▶ _Given entries_
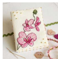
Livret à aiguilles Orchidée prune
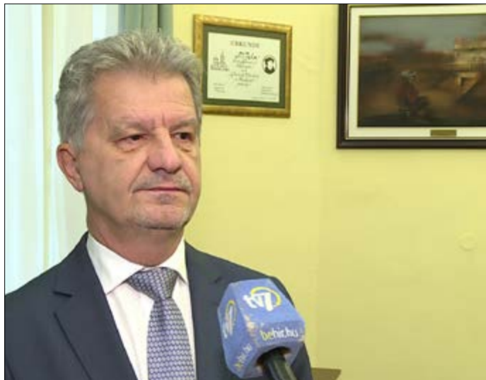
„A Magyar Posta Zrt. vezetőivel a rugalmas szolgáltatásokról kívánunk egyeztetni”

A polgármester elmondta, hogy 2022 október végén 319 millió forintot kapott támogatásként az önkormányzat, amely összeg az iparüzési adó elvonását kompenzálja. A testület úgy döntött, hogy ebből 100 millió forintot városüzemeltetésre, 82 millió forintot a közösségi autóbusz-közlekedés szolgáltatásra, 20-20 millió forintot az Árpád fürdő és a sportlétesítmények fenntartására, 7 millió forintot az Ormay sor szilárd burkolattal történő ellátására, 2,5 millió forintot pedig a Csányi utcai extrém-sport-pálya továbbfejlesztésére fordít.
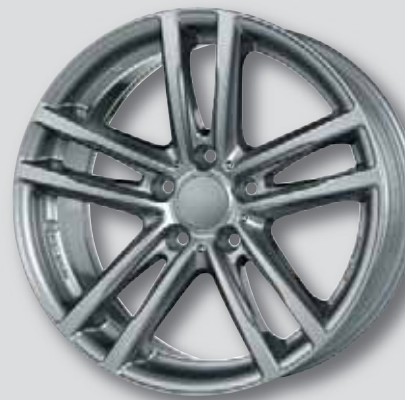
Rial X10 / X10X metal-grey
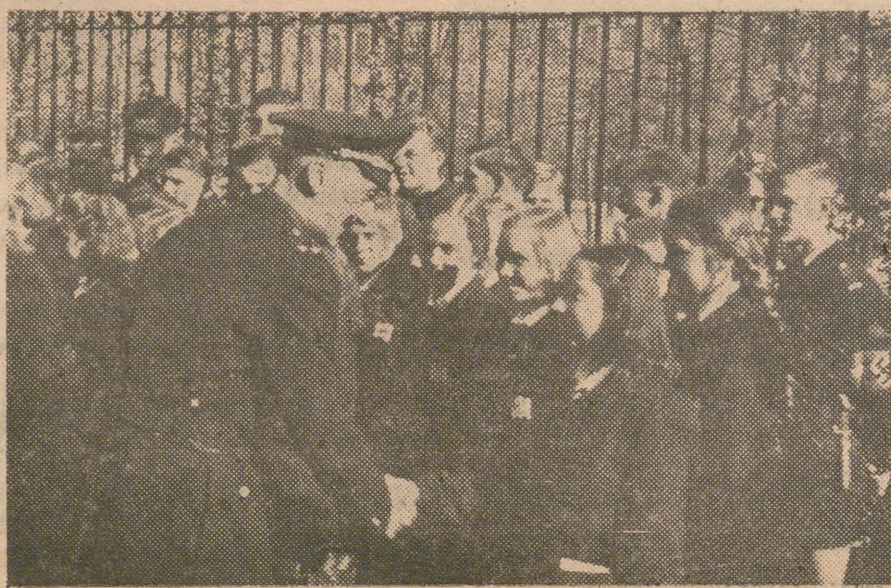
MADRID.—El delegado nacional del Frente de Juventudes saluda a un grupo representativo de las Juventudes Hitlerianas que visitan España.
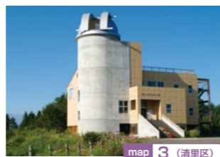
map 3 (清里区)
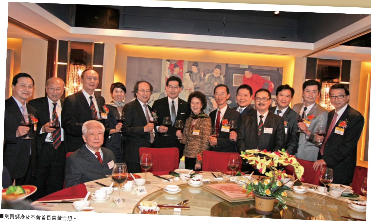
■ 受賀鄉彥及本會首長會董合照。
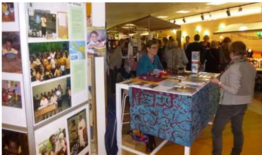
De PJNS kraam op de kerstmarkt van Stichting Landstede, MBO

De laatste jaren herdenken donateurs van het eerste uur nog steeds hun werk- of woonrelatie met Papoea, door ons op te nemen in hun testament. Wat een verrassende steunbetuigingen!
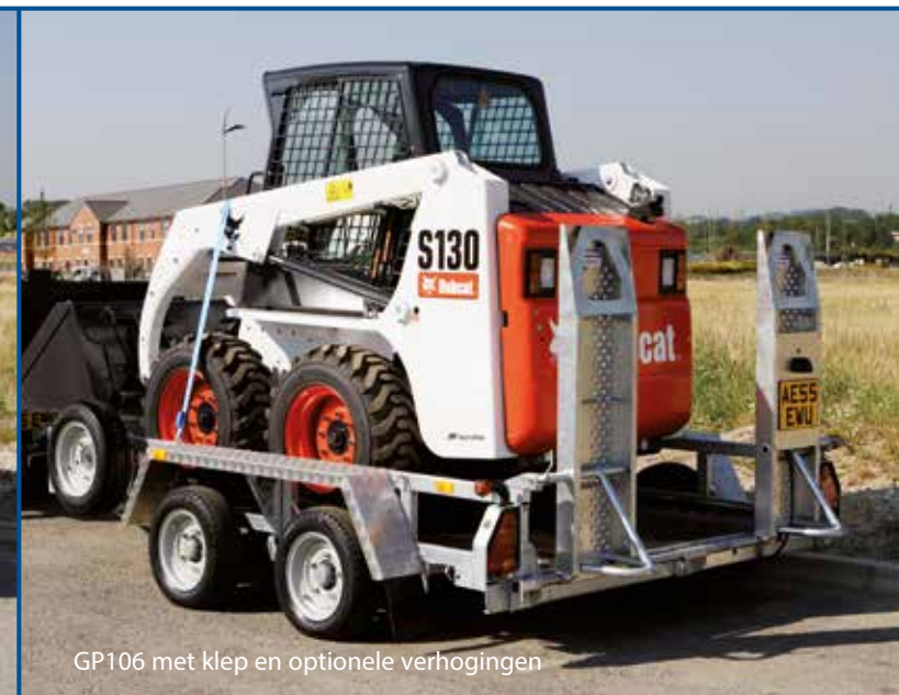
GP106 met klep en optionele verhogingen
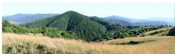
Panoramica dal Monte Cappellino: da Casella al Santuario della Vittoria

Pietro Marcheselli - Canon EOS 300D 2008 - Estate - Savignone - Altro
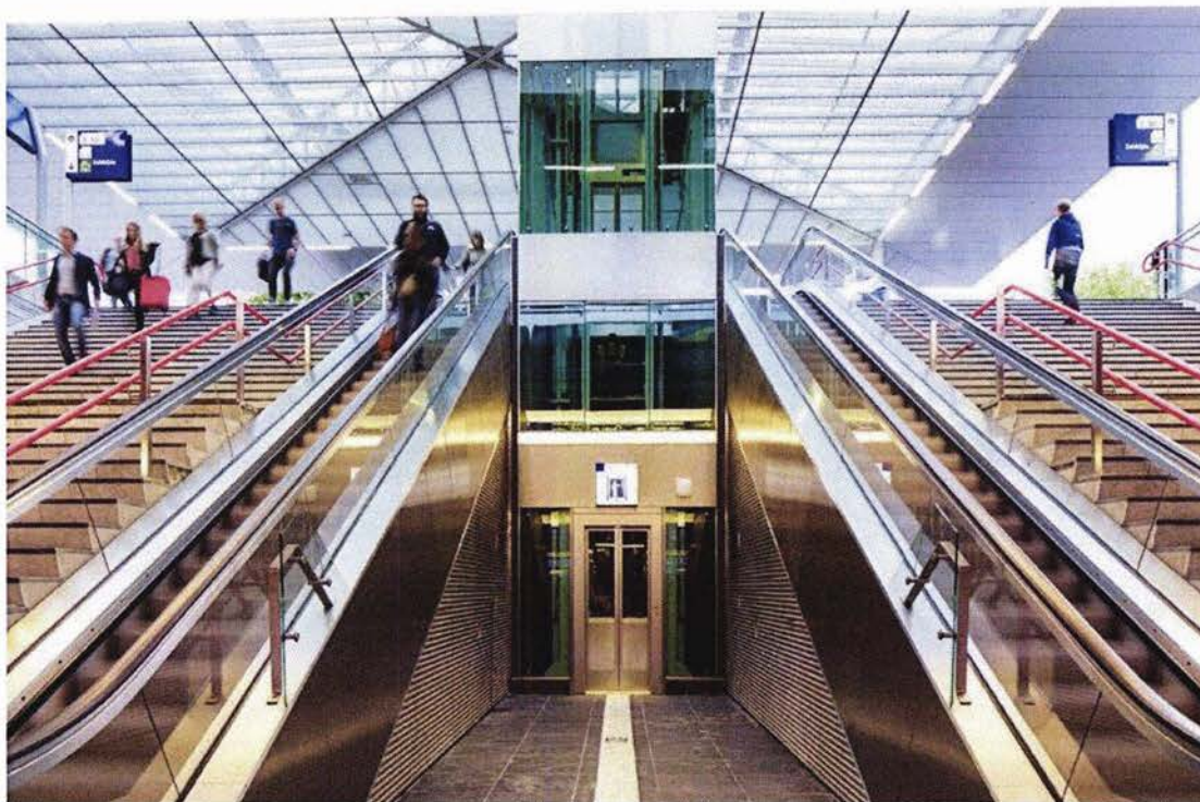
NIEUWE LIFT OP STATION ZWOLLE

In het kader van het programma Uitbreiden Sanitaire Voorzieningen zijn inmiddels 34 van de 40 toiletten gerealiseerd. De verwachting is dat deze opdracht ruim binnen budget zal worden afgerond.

▶ _Exercise aim_
Write out each entry above once more, exactly as written, and drop the pictures.

▶ _Answer to this exercise_
Livret à aiguilles Orchidée prune
„A Magyar Posta Zrt. vezetőivel a rugalmas szolgáltatásokról kívánunk egyeztetni”

A polgármester elmondta, hogy 2022 október végén 319 millió forintot kapott támogatásként az önkormányzat, amely összeg az iparüzési adó elvonását kompenzálja. A testület úgy döntött, hogy ebből 100 millió forintot városüzemeltetésre, 82 millió forintot a közösségi autóbusz-közlekedés szolgáltatásra, 20-20 millió forintot az Árpád fürdő és a sportlétesítmények fenntartására, 7 millió forintot az Ormay sor szilárd burkolattal történő ellátására, 2,5 millió forintot pedig a Csányi utcai extrém-sport-pálya továbbfejlesztésére fordít.
Rial X10 / X10X metal-grey
MADRID.—El delegado nacional del Frente de Juventudes saluda a un grupo representativo de las Juventudes Hitlerianas que visitan España.
map 3 (清里区)
■ 受賀鄉彥及本會首長會董合照。
De PJNS kraam op de kerstmarkt van Stichting Landstede, MBO

De laatste jaren herdenken donateurs van het eerste uur nog steeds hun werk- of woonrelatie met Papoea, door ons op te nemen in hun testament. Wat een verrassende steunbetuigingen!
GP106 met klep en optionele verhogingen
Panoramica dal Monte Cappellino: da Casella al Santuario della Vittoria

Pietro Marcheselli - Canon EOS 300D 2008 - Estate - Savignone - Altro
NIEUWE LIFT OP STATION ZWOLLE

In het kader van het programma Uitbreiden Sanitaire Voorzieningen zijn inmiddels 34 van de 40 toiletten gerealiseerd. De verwachting is dat deze opdracht ruim binnen budget zal worden afgerond.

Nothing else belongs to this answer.